Files failing to upload

Incident Report for Flatfile

Postmortem

Incident Overview

Date and Time of Incident: June 4, 2025 from approximately 4:57 AM to 5:31 AM PDT

Nature of Incident: Requests routing to an unavailable worker pod

Services Affected: Flatfile Platform UK Regional Environment

Details of the Incident

At approximately 4:57 AM PDT (11:57 AM BST) on June 4th, Flatfile UK Regional environment infrastructure experienced intermittent failures on file uploads due to the backend worker fleet restarting. This was due to a misconfiguration on the backend worker infrastructure which created a hard dependency on an internal observability component used by FlatFile for monitoring.

The internal observability component had experienced some downtime which led to backend worker fleet restarts. The infrastructure team were alerted to the incident and issued a patch to remove the hard dependency on the worker fleet.

Impact Assessment

The incident impacted only half of the total worker fleet due as the infrastructure safe guards kicked and rolled out extra workers in order to meet minimum capacity threshold of 50%. The UK regional environment experienced disruption for a total of 33 minutes.
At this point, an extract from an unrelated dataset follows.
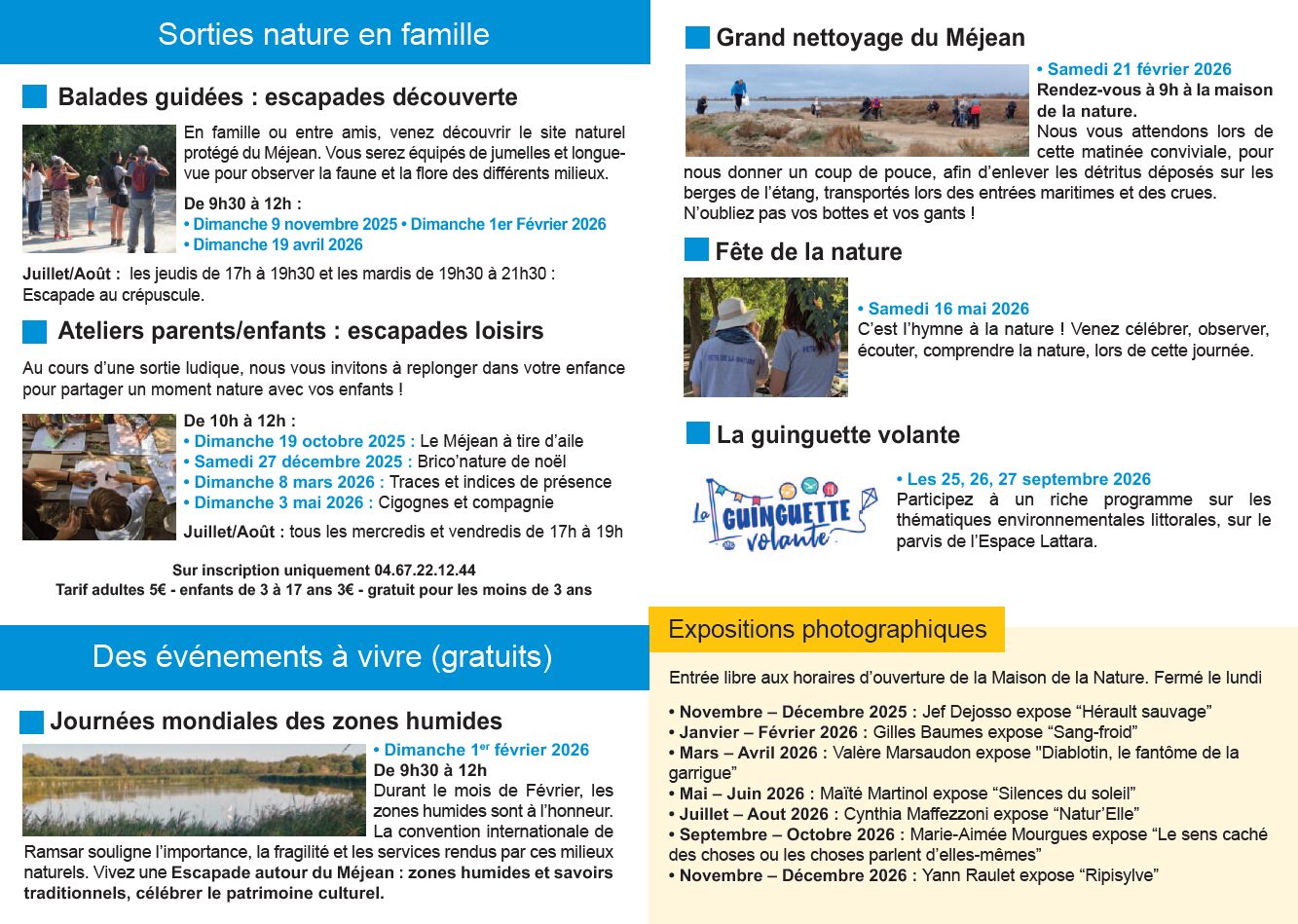 Des animations aux thématiques variées sont proposées toute l’année : visites encadrées (groupe,scolaire,…), animations grand public, événementiel (fête de la nature, journées mondiale des zones humides, grand nettoyage,…).

The API was unaffected.

Root Cause

The root cause was due to a misconfiguration on the infrastructure worker observability configuration made in a previous release 3 weeks ago.

Resolution

Flatfile infrastructure team fixed the miconfiguration on the worker infrastructure components by removing the hard depedency on Flatfile’s internal observability stack.

Security and Data Integrity

Please be assured that this incident did not compromise the security or integrity of your data. Our commitment to data protection remains a top priority.

Posted Jun 13, 2025 - 06:31 PDT

Resolved

This incident has been resolved.
Posted Jun 04, 2025 - 10:46 PDT

Monitoring

The fix has been fully rolled out, we are currently monitoring the platform.
Posted Jun 04, 2025 - 04:39 PDT

Identified

The issue has been identified and a fix has been rolled out
Posted Jun 04, 2025 - 04:35 PDT

Investigating

We are currently investigating reports of failures of file uploads in our UK platform region
Posted Jun 04, 2025 - 04:30 PDT
This incident affected: UK Regional Platform (UK Spaces).